(REUTERS): South Africa’s last white president Frederik Willem (FW) de Klerk, the last leader under apartheid and a key actor in the country’s transition to democracy, on Thursday morning at his home in Cape Town, the FW de Klerk Foundation said.
“Former President FW de Klerk died peacefully at his home in Fresnaye earlier this morning following his struggle against mesothelioma cancer,” the FW de Klerk Foundation said in a statement.
“He is survived by his wife Elita, his children Jan and Susan and his grandchildren,” it said, adding the family would in due course announce the funeral arrangements. He was 85 years old.
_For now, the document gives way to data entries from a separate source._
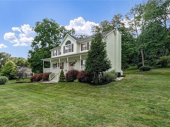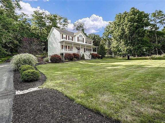 Sitting pretty on a beautiful country road is this Center Hall Colonial with inviting rocking chair front porch just waiting for you to call home. This home features hardwood floors, formal living room, spacious dining room, lovely eat-in-kitchen that opens to family room with woodburning fireplace. Off the kitchen is a beautiful 12x30 screened porch (not included in square footage) that overlooks the amazing 1-acre property, this will be your favorite room to just sit and relax after a long day. Upstairs offers a spacious master suite with walk-in-closet master bath with jacuzzi tub, three large bedrooms and full bath. Finished basement offers an additional 530sf of living space. Central Air, whole house generator and two car-garage. Perfect location for commuting. With basement and screened porch, which have COs total square footage is 3400.
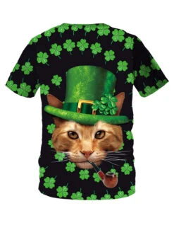 T Shirt St Patricks Day Green 3D Print Cat Clover Unisex Irish Short Sleeve Top Halloween
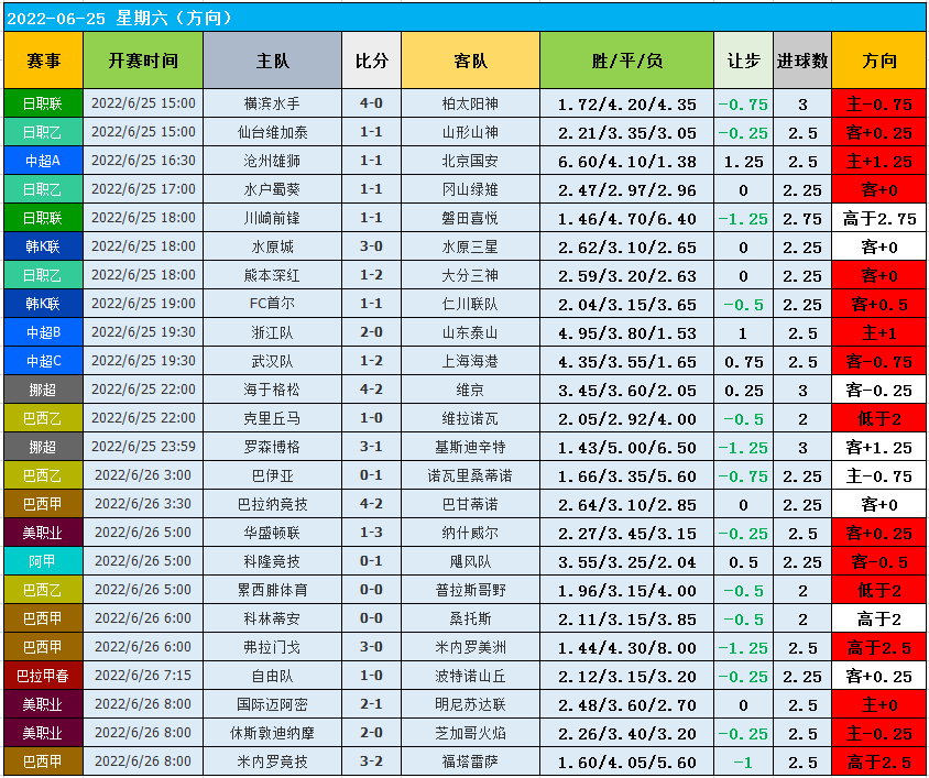 昨天数据表出色,早场的10场有8场顺利打出,晚场的5场有1场顺利打出,夜场的9场有7场顺利打出!昨天数据中,早场的表现出色,其中日职乙和中超的表现惊人,5场全部打出,尤其是中超,3场都完美打出对应的高概率方面,非常的给力!而韩职和日职联则是各自打出一般表现平稳!晚场的表现差强人意,其中挪超的表现较差,2场都未能打出对应的方向,而巴乙则是一胜一负表现平稳!夜场的表现出色,其中巴西数据表现不错,4场有3场顺利打出,而阿甲让步数据也完美拿下,非常的给力!当然最瞩目的还是美职业,3场都完美拿下数据,非常的出色!
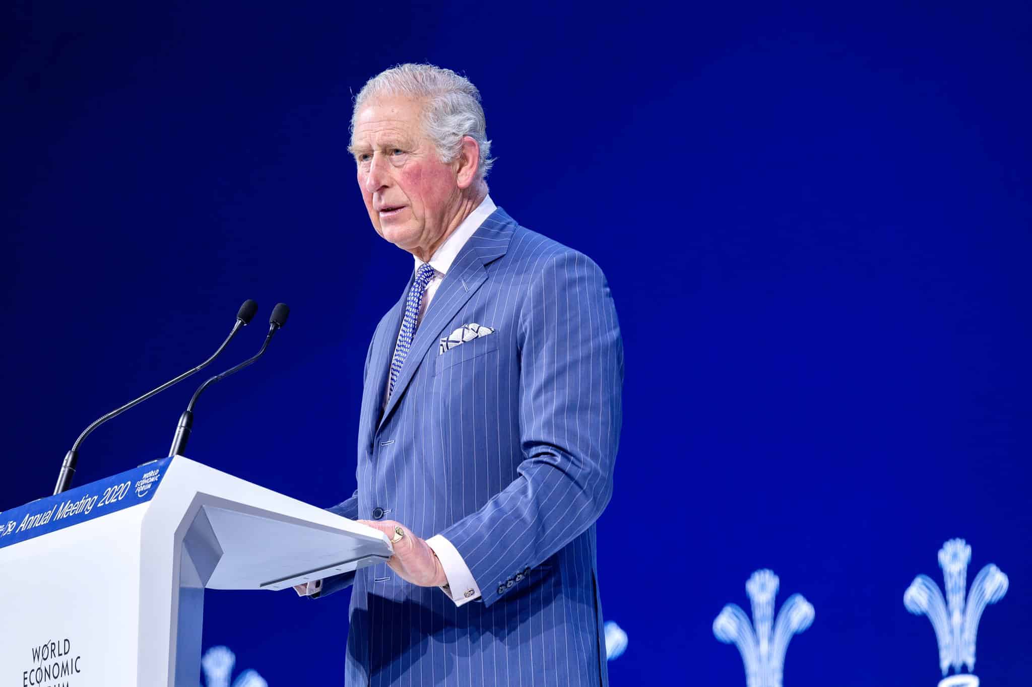Property for sale by Auction A man in a blue pinstripe suit stands at a podium with “World Economic Forum” branding. He appears to be speaking or giving a presentation against a blue backdrop. The background features a pattern of elegant white symbols. Presented by World of Auctions

De Klerk won praise worldwide for his role in scrapping apartheid and he shared the Nobel Peace Prize with Mandela in 1993. The following year Mandela won South Africa’s first multi-racial elections with his African National Congress (ANC).
However, while he was feted globally and shared the Nobel Peace Prize with the revered Mandela, de Klerk earned only scorn from many Blacks outraged by his failure to curb political violence in the turbulent years leading up to all-race elections in 1994.
Many right-wing white Afrikaners, descendants of Dutch and French settlers who had long ruled the country under de Klerk’s National Party, viewed him as a traitor to their causes of nationalism and white supremacy.
The negotiations on a peaceful transition to non-racial democracy that followed Mandela’s release were held against the backdrop of mounting political violence and often looked as though they would be derailed, a scenario that would almost certainly have plunged the nation into a bloody race war.
He retired from active politics in 1997 and later apologised for the miseries of apartheid before Archbishop Desmond Tutu’s Truth and Reconciliation Commission.
He divorced his wife of 39 years, Marike, in 1998, and married Elita Georgiadis, the wife of a Greek shipping tycoon. In December 2001, Marike was murdered in her luxury beachfront home in Cape Town, an incident that underscored South Africa’s rampant rates of violent crime.